The networks were completely transparent – we could go anywhere. Maybe they had some kind of segmentation, but the fact that even the wifi in the hospitals disappeared after we attacked can speak to its level.
The passwords for some administrator accounts across all hospital domains were the same.
Source – databreaches.net
If Daixin`s allegation is right, then privileged access misuse or poor privileged access policies are at fault.
Cybersecurity Challenges Make Healthcare Institutions Vulnerable to Ransomware
According to FBI’s Internet Crime Report (2022), Healthcare, Public Health included, is the most ransomware affected sector. During the last year, ransomware attacks had an extremly strong impact on healthcare institutions worldwide.
Industry specific issues make healthcare organizations an easier target for ransomware attacks:
- Connection with lots of third-party vendors
- Exposure through patient data practices
- High number of connected medical devices
- Outdated systems or software that can`t always be patched in time
Like many other organizations that work on a strict budget, healthcare institutions need to do a lot with little resources. That means small IT teams have to configure, maintain and protect an extremely large and complex digital system.
That doesn`t mean healthcare databases can`t be protected against ransomware. Heimdal`s MXDR platform helps automatize processes and reduces alert fatigue, while keeping systems and data safe. This Managed Extended Detection & Response (MXDR) solution offers top, round-the-clock services for:
- patch and assets management,
- ransomware encryption protection
- DNS security for endpoint and networks,
- threat hunting,
- privileged access management,
- email security, etc.
Dos and Don’ts in Case of a Ransomware Attack
For hackers, ransomware is business. Encrypting or blocking access to data is their way of making money. If companies agree to pay the ransom to avoid data leakage or recover their data, hackers will keep launching ransomware attacks.

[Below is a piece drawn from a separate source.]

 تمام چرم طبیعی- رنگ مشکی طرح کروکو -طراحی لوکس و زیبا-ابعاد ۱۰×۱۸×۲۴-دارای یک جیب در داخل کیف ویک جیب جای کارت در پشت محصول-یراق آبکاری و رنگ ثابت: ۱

So, the five hospitals and shared service provider`s decision not to pay the money is the right thing to do.
Data breaches and all sorts of cyberattacks cannot be completely prevented. All systems have vulnerabilities and there is no bulletproof software.

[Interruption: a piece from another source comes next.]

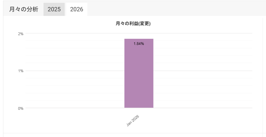 昨年6月からの月間成績を見ると、ちゃんと負けたのは7月だけで、他の月は増えているか、現状維持です。2026年1月もしっかりプラ収支でフィニッシュしました。
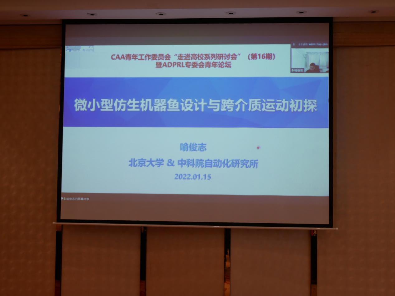 北京科技大学贺威教授主持了第五场学术报告,由北京大学喻俊志教授主讲。喻俊志教授是机器人方面的专家,主要针对于“微小型仿生机器鱼设计与跨介质运动初探”进行了展开。喻俊志教授提到,他的研究是使用仿生的思想,来为人工智能系统的研究提供新的设计思想和新的控制理念。喻教授以自然界鱼的运动为引,全面、详细地介绍了微小型仿生机器鱼和跨介质仿生机器鱼的相关研究,并表示“仿生技术学习自然,最终希望能超越自然”。

However, healthcare organizations and any other companies that work with large customer databases should take several prevention measures:
- use network segmentation,
- enforce strong password security policies,
- educate employees to recognize phishing emails,
- use end-to-end encryption,
- apply the principle of least privilege,
- enforce a zero-trust policy across the organization,
- use DNS filtering,
- create back-ups on different servers to prevent data loss.